Tpr-Met fusion protein is an oncogene fusion protein consisting of TPR and MET.

Structure 
Tpr-Met was generated following a chromosomal rearrangement induced by the treatment of a human osteogenic sarcoma cell line with the carcinogen N-methyl-N'-nitronitrosoguanidine. The genomic rearrangement fuses two genetic loci, translocated promoter region, from chromosome 1q25 which encodes a dimerization leucine zipper motif, and MET, from chromosome 7q31 which contributes the kinase domain and carboxy-terminus of the Met RTK. The resulting 65 kDa cytoplasmic Tpr-Met oncoprotein forms a dimer mediated through the Tpr leucine zipper.

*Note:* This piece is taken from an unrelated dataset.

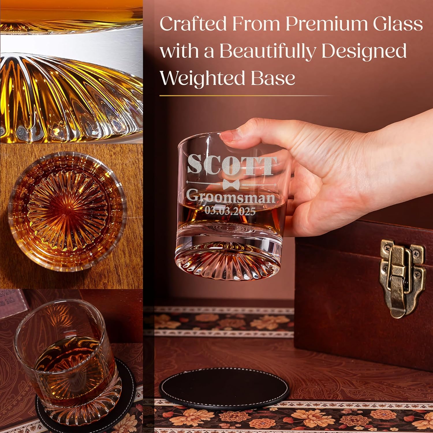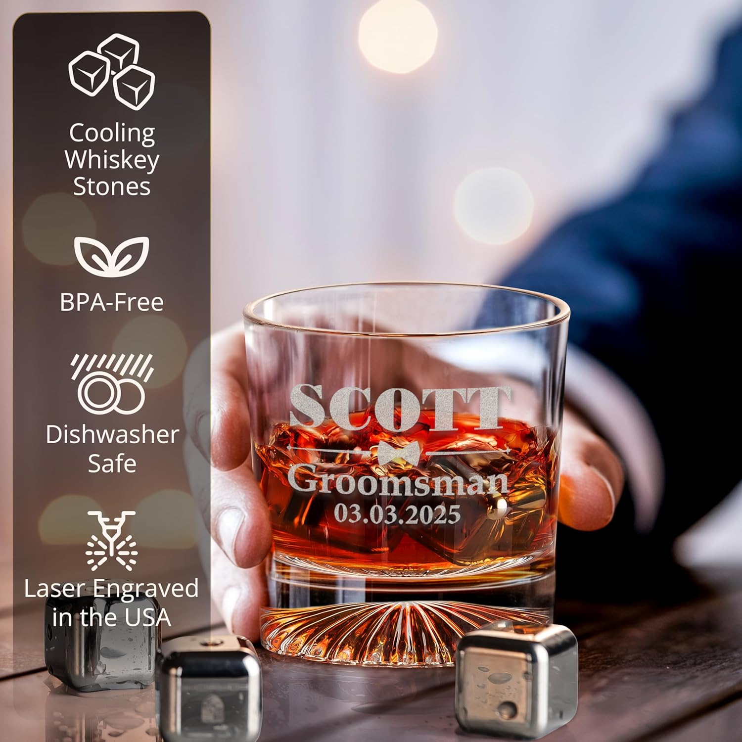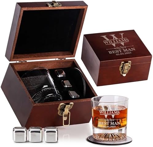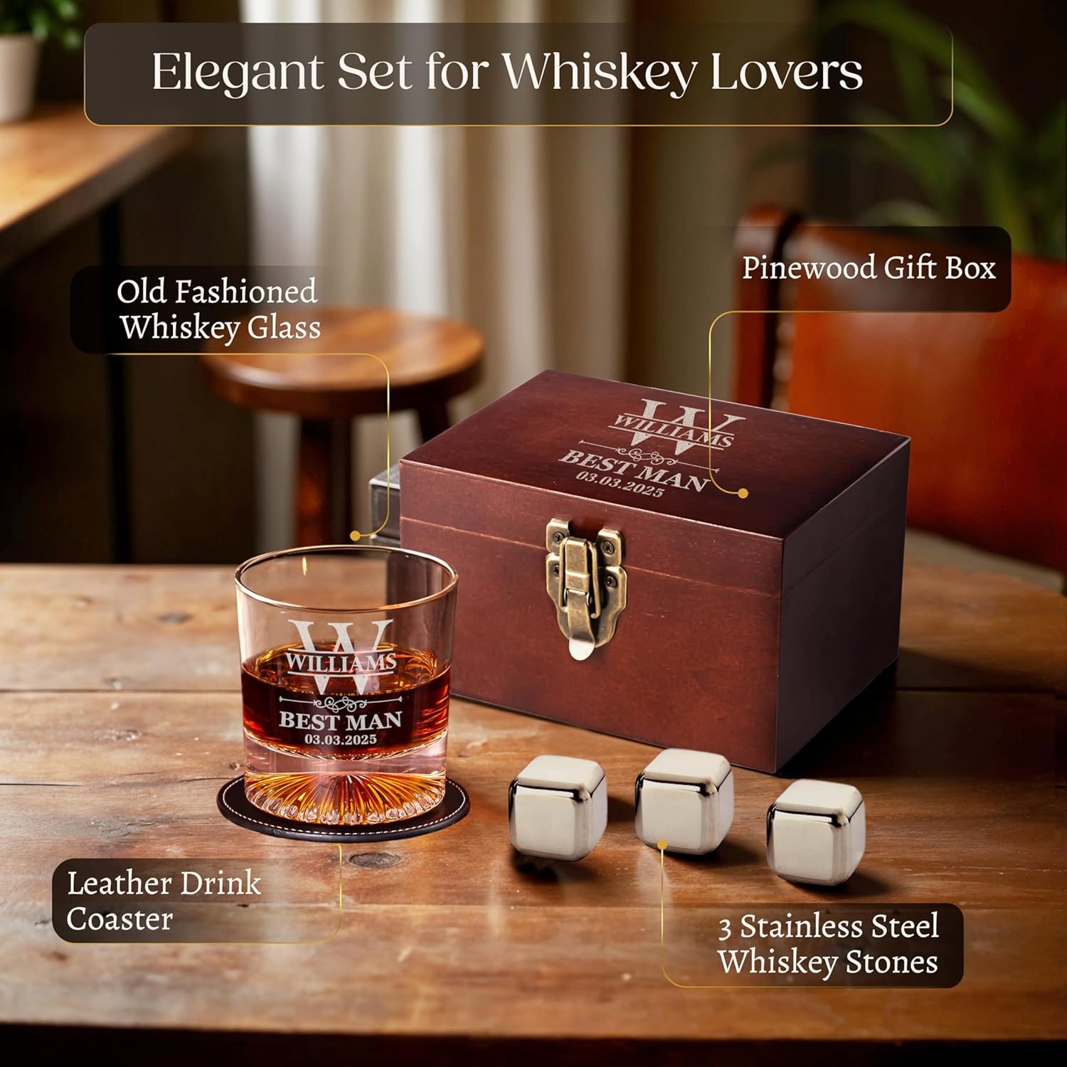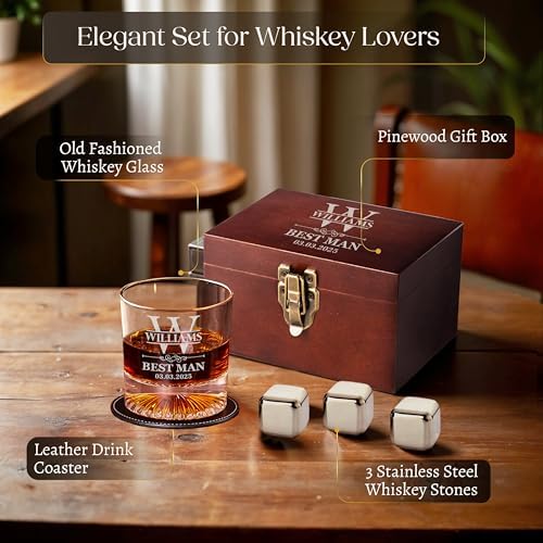 - 🥃 Complete Whiskey Gift Set for Men – Includes a custom-engraved whiskey glass, leather coaster, and stainless steel whiskey stones for the perfect celebratory drink.

The Tpr-Met fusion protein lacks the extracellular, transmembrane and juxtamembrane domains of c-Met receptor, and has gained the Tpr dimerization motif, which allows constitutive and ligand-independent activation of the kinase. The loss of juxtamembrane sequences, necessary for the negative regulation of kinase activity and receptor degradation, prolongs duration of Met signalling.

Experimental evidences

Effects in muscle

Skeletal muscle 
Specific expression of Tpr-Met in terminally-differentiated skeletal muscle causes muscle wasting in vivo and exerts anti-differentiation effects in terminally differentiated myotubes. Constitutive activation of MET signaling has been suggested to cause defects in myogenic differentiation, contributing to rhabdomyosarcoma development and progression.

Cardiac muscle 
In a transgenic model, cardiac-specific expression of Tpr-Met oncogene during postnatal life causes heart failure with early-onset.